As unremarkable as it sounds, walking ticks all the boxes at the moment. It’s straightforward and doesn’t come with the logistics of booking pool slots or hunting down a working spin bike. It’s also refreshingly low-tech.
There’s no need to check splits or heart rate zones — unless I decide to get very enthusiastic about my step count.
For me, walking bridges the gap between total rest and active recovery. It’s a movement that encourages blood flow, supports muscle repair, and subtly reassures my nervous system that it doesn’t need to keep sounding the alarm.
It’s an uncomplicated way to stay in motion and keep my routine in check without asking too much from a body that’s decidedly still negotiating its terms of recovery.
So, as I crawl through my weeks of recover I hope to remind myself that:
Recovery isn’t linear: Even when the body feels fine, underlying fatigue — physical and systemic — can surface unexpectedly.

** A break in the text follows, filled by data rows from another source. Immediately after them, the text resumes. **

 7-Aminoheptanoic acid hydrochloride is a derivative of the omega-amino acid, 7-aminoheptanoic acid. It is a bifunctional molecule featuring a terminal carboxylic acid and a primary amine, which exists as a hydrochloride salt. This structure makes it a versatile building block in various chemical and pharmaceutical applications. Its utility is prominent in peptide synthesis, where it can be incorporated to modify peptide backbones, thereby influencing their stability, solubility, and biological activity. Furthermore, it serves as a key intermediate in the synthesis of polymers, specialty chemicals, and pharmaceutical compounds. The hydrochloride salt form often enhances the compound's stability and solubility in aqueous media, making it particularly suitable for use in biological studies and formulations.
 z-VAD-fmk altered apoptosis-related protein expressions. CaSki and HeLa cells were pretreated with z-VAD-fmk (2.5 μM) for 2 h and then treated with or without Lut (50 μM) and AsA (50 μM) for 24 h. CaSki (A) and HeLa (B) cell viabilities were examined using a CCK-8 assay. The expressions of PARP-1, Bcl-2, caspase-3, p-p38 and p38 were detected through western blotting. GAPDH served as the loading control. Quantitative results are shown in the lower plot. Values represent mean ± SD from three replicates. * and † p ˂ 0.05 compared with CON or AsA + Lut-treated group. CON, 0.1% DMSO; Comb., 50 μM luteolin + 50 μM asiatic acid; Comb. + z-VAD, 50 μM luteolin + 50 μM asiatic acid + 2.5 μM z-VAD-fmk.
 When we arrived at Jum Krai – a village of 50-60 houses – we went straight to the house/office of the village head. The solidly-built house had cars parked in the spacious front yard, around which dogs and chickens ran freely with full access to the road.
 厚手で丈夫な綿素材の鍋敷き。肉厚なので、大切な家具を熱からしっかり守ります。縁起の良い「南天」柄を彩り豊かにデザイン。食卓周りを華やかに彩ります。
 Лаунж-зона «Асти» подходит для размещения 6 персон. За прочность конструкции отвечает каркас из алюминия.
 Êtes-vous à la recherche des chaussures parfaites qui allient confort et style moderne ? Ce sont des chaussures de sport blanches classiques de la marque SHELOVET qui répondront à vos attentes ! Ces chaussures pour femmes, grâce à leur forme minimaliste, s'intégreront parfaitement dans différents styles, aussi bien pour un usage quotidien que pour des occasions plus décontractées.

Comparison is inevitable but counterproductive: Watching others bounce back on Strava fuels envy and doubt but doesn’t reflect your personal recovery journey.

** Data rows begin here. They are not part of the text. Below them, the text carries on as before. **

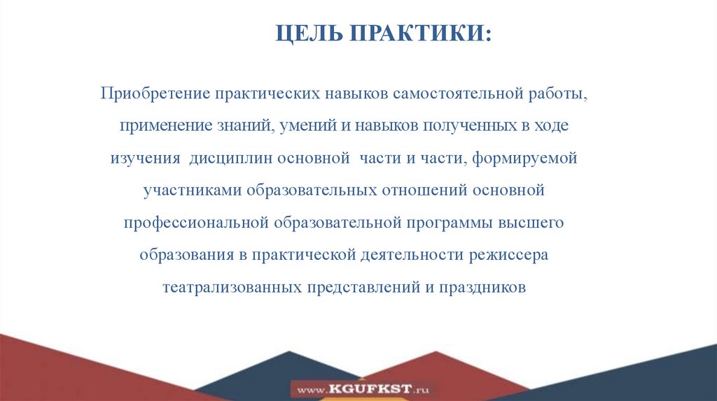 ЦЕЛЬ ПРАКТИКИ:Приобретение практических навыков самостоятельной работы,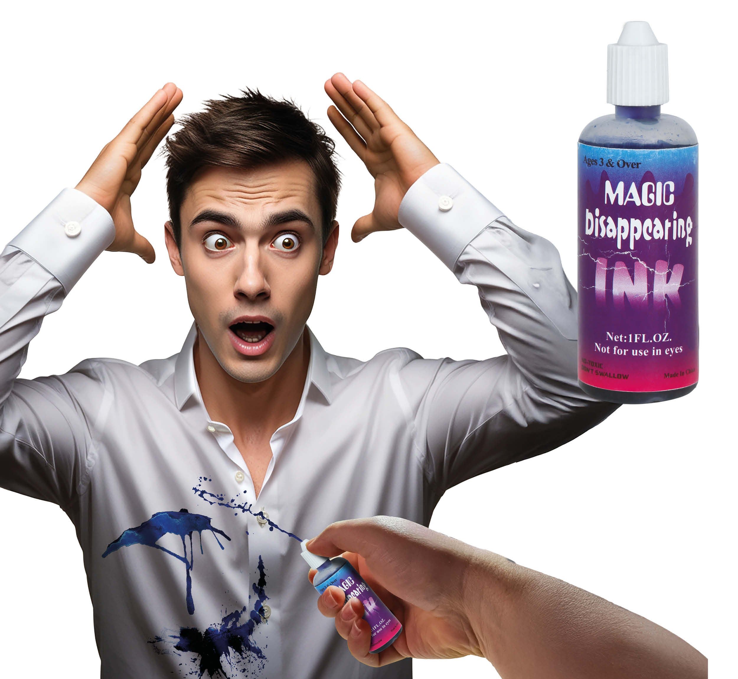 Zaskocz swoich znajomych tym przezabawnym Magic Ink Prank! Niebieski "magiczny atrament" pozostawia realistyczną plamę, gdy tylko kapniesz nim na papier lub ubranie, ale... po krótkim czasie plama znika sama! Idealny do zabawnych momentów, humorystycznych sytuacji i jako lekki prezent.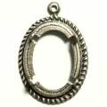 18×13 オーバルカボ枠 縄目 1カン付 銀古美色合いが変わりましたので画像を差し替えました。マットな銀古美カラーです。4爪でカボションを押さえて下さい。画像のマス目は5mm四方です。大きさの目安にして下さい。パッチン留め(銀)は色比較の目安にどうぞ。 28mm×19mm 厚さ 1.7mm(爪除く)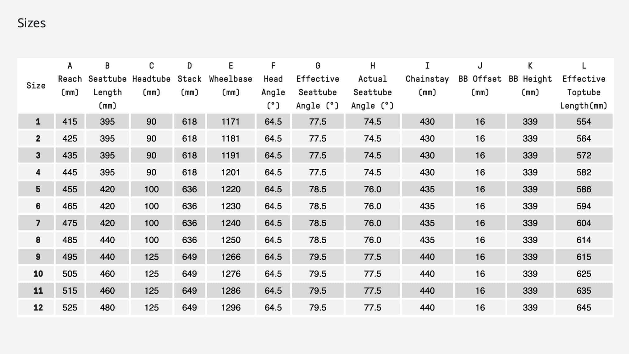 Pour ce S150, c’est ainsi 12 tailles de cadre que l’on retrouve, échelonnées en fonction du reach du vélo, les valeurs augmentant par intervalles de 10 mm entre les tailles de cadre. De quoi choisir un reach idéal en fonction de sa taille et de ses préférences, allant de 415 mm à 525 mm. Les bases grandissent également avec la taille du cadre, mais pas dans toutes les tailles – il existe trois longueurs de bases différentes pour les 12 tailles de cadre. Notre vélo d’essai en taille 5 affiche des bases de 435 mm.
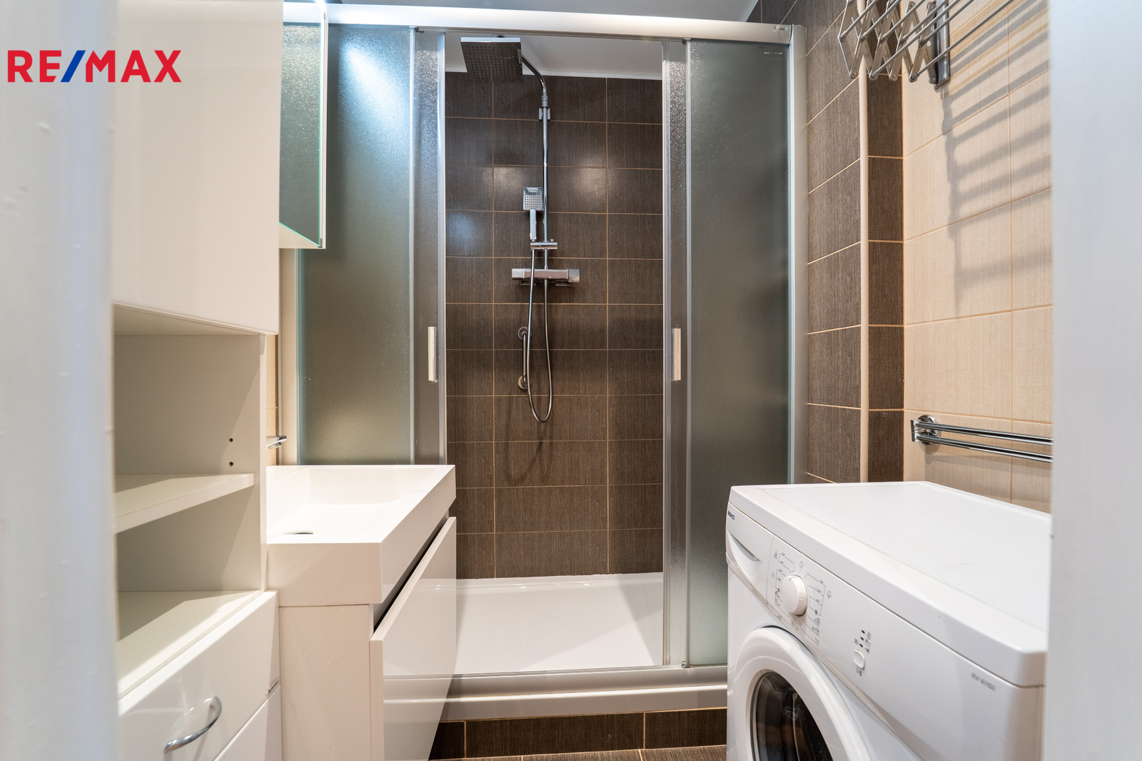 Součástí nájmu je kuchyňská linka, digestoř, plynový sporák s elektrickou troubou, lednice, mikrovlnka, kulatý stůl, v obýváku stěna a konferenční stolek, v ložnici větší šatní skříň, v koupelně pračka, skříňky, umyvadlo, zrcadlo, toaleta, sprchový kout, v šatně regály.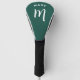 Customise your golf head cover with your initial monogram and name. Designed with a bold white script font on an emerald green background.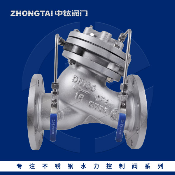 浙江中鈦閥門有限公司位于享有“中國泵閥之鄉”美譽的浙江溫州--永嘉甌北五星工業區。 中鈦閥門集設計開發、生產銷售、安裝服務為一體的中型給排水閥門專業制造企業。主要產品有不銹鋼水力控制閥、管力閥、100X型浮球球閥、200X減壓閥、300X型緩閉止回閥、400X流量控制閥、500X型泄壓閥持壓閥、600X水力電動控制閥、700X水泵控制閥、800X型壓差旁通控制閥……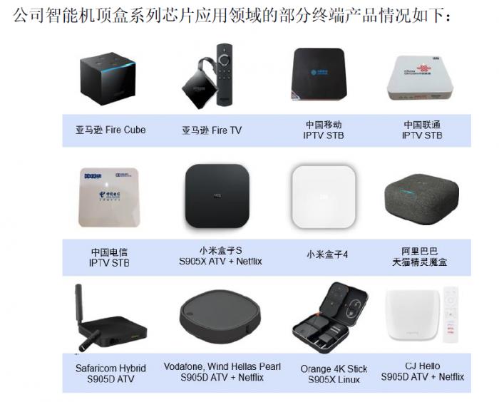 图:采用晶晨处理器的智能终端产品,小米是重要先锋用户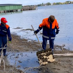 „Das ist ja wirklich schrecklich.“ Diesen Satz hat man heute Vormittag in Waren mehrfach gehört. Und damit war nicht nur der viele Müll gemeint, den die freiwilligen Helfer gesammelt haben, sondern meistens der extrem niedrige Wasserstand. „Wenn man mal fix vorbei fährt, registriert man das gar nicht so, aber wenn ich jetzt hier stehte, wo normalerweise mindestens po-hoch Wasser ist, finde ich das sehr beängstigend“, so eine Warenerin, die dem Aufruf von Warens Bürgermeister Norbert Möller zum Müllsammeln gefolgt ist. Der niedrige Wasserstand hat es allerdings auch möglich gemacht, dort Müll zu sammeln, wo man sonst nicht hin kommt. Und da lag so einiges – Flaschen – viele von ihnen sicherlich älter als die Müllsammler selbst, aber auch unzählig viel Plastikzeug, im Bereich der alten Sägewerke dominierten Gummistiefel in allen Größen und Ausführungen.

Typical recovery methods aren’t always enough: Sleep, nutrition, and rest might not fully address deeper fatigue, especially in the nervous system.
Low HRV is a red flag: Heart Rate Variability (HRV) is a crucial indicator of recovery, and low HRV points to stress overload in the autonomic nervous system.
Systemic fatigue is complex: Recovery isn’t just about resting muscles; it involves addressing the nervous system, mental stress, and overall balance.
Listen to your body: HRV and other feedback mechanisms are tools that will help you understand when to push and when to pull back.
Including walks into your routine can bridge the gap: Walking provides gentle movement that supports circulation and repair without taxing an already strained system.
Choose simplicity over complication: Accessible recovery methods like walking, removes the added stress of logistics and decision-making as we try to navigate our way to the nearest elliptical machine for cross-training.
Progress isn’t always measurable: I understand that recovery can often feel slow and invisible, but consistency — whether through walking or other light activity — still moves the needle forward.
Last, but not least, — Recovery is personal: Everyone’s journey is unique and what works for others might not work for you.